John Judis Makes an interesting argument in TNR that Obama needs to consider two significant additions to his stimulus/recovery plan. The first, which I wholeheartedly agree with, is that the stimulus should include massive investment in transit, particularly in inter-city high-speed rail, particularly in the Northeast Bos-Wash corridor and on the West Coast between San Diego and San Francisco. The Accela train, which I've taken from NY to DC, is the fastest rail in the U.S., and only runs at about 100 mph, or half of what bullet trains in Asia and Europe can achieve.
Cutting the travel times between these cities by half or more would make rail the best option for travelers, and would ultimately save money that would have to be spent on less eco-friendly infrastructure like expanded highways and airports.

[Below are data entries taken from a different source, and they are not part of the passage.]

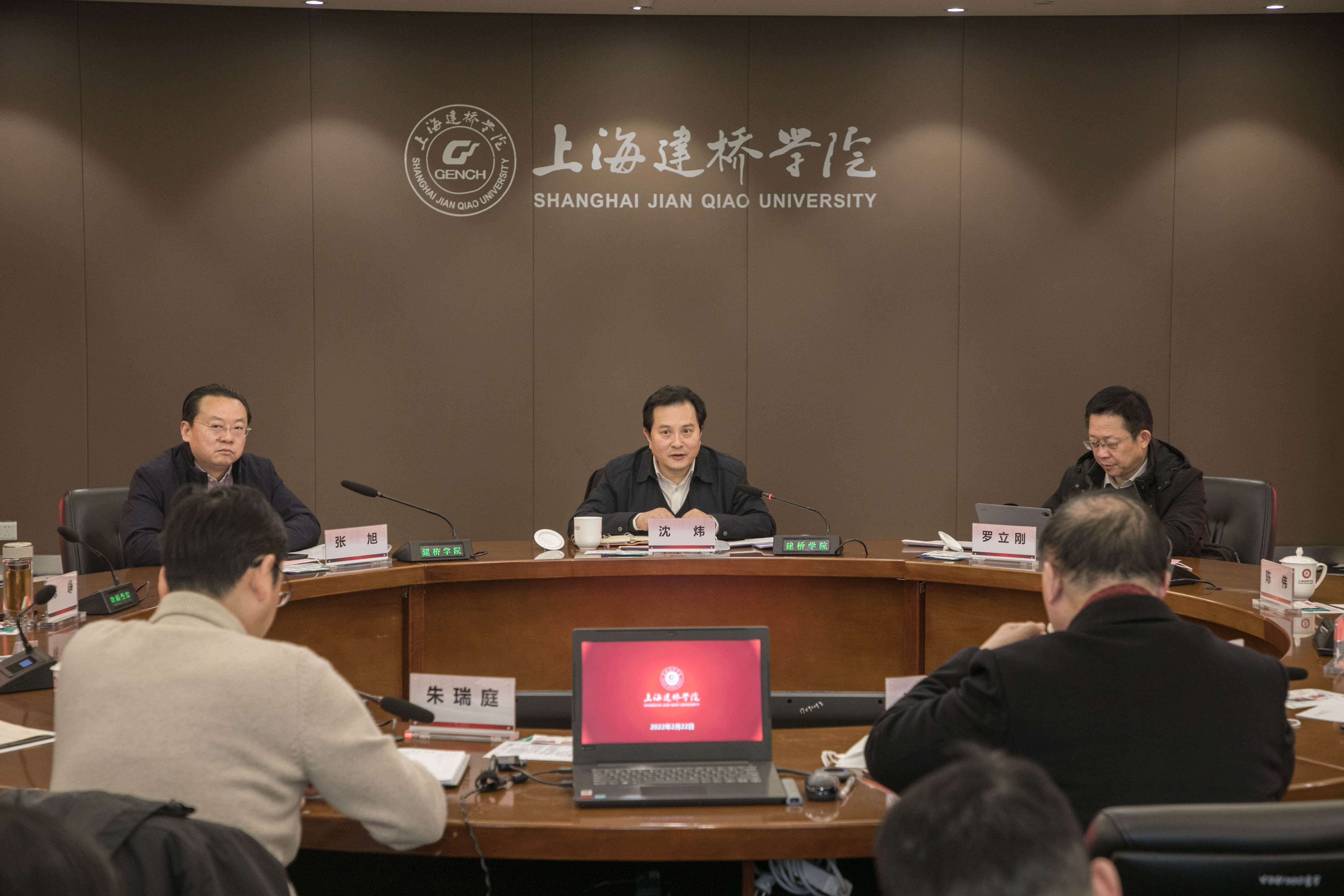 沈炜在听取党政领导班子的汇报后,首先代表市教卫工作党委对学校获批教育部高校思想政治工作创新发展中心以及全国党建工作示范高校表示热烈的祝贺。对我校坚持应用技术大学办学定位,紧密结合上海和浦东地区经济社会发展,立足临港新片区推进产教城融合发展,坚持稳字当头,稳中求进工作总基调,以及近年来学校各方面所取得的成绩给予了高度的评价。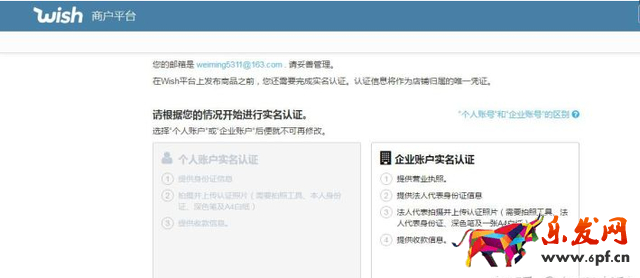 第六步:目前在實名認證頁面 如果申請企業(yè)賬號認證,請準備好企業(yè)營業(yè)執(zhí)照,法人身份證信息。(Wish暫停個人賬戶認證)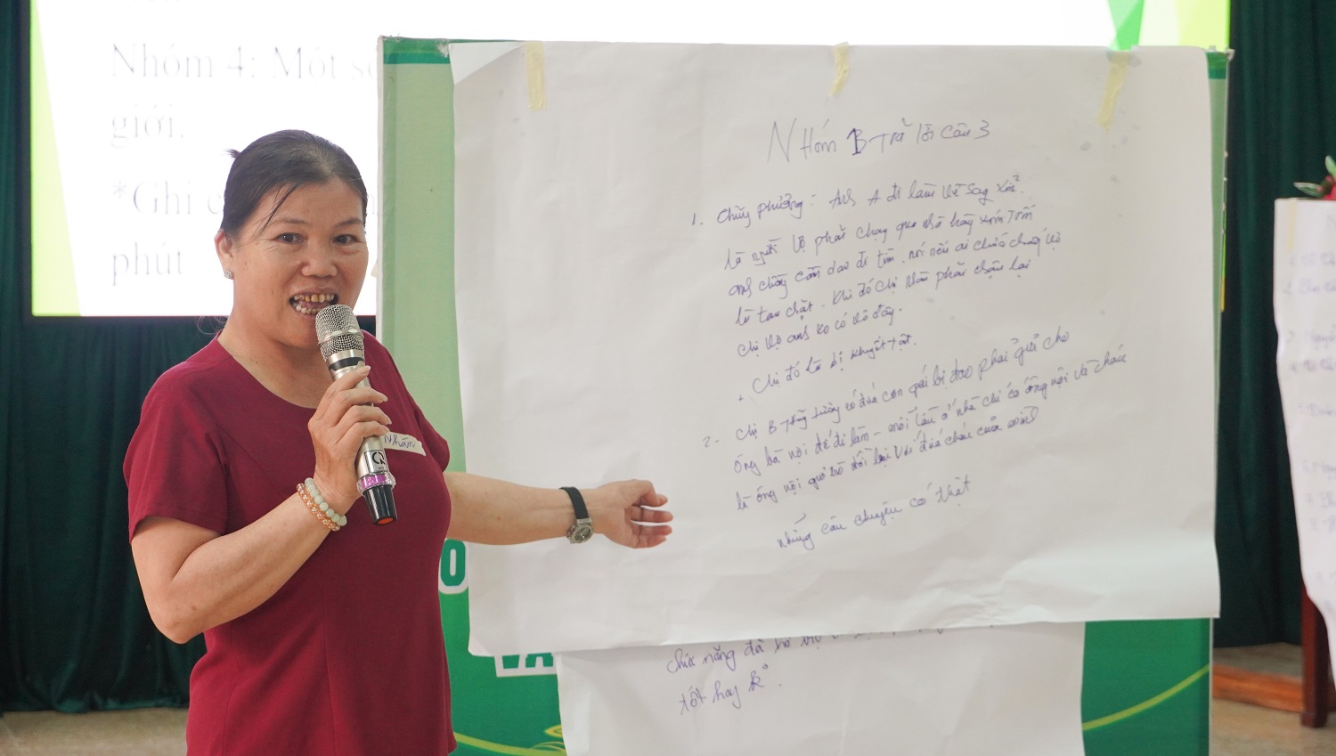 Một điểm nhấn đặc biệt của chương trình là việc giới thiệu các dịch vụ hỗ trợ cho người bị bạo lực giới tại địa phương, bao gồm các cơ sở tạm lánh và đường dây nóng liên hệ để nhận sự giúp đỡ kịp thời. Thông qua các phương pháp truyền tải đa dạng như trò chơi, thảo luận nhóm, đóng vai tình huống, xem video minh hoạ, buổi truyền thông đã tạo nên một không khí sôi nổi, gần gũi. Các phương pháp này không chỉ giúp người tham gia dễ dàng tiếp thu kiến thức mà còn khuyến khích họ chia sẻ câu chuyện, trao đổi kinh nghiệm và rèn luyện các kỹ năng ứng phó với những tình huống nguy cơ.
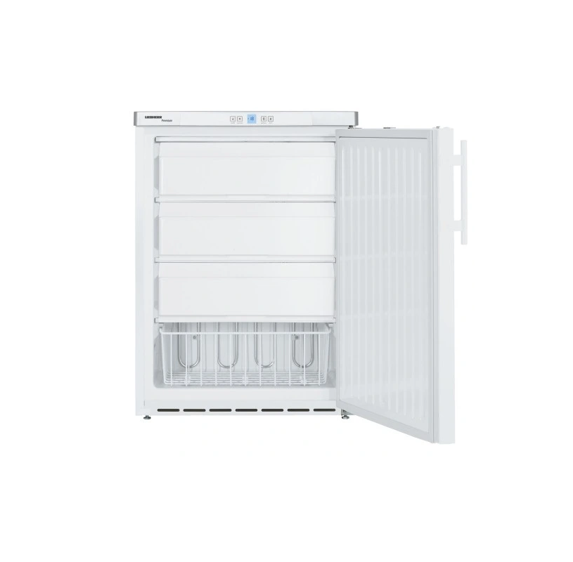 Zamrażarka Liebherr GGU 1500 to model stołowy z płynną regulacją temperatury do -26°C. Trzy przesuwne kosze oferują wysokość użytkową 15 cm, krótszy kosz na dole ma wysokość 17 cm. Dzięki cyfrowemu wyświetlaczowi temperatury zawsze jesteś informowany o stopniu wychłodzenia.

The California High Speed Rail Authority estimates that HSR in California could save $80-150 billion in road and airport expansions.
Right now, the Obama plan only includes $5 billion for inter-city rail, where estimates run about $100b for East and West coast projects (and also think about the potential for an HSR network in the midwest between Indianapolis, Detroit, Chicago, Milwaukee and Cleveland, which with already-available HSR technology could be about an hour's train ride apart).
The second part of Judis's article, about re-establishing the Bretton Woods system, is above my level of economics, but worth reading for those who know more about international finance than I.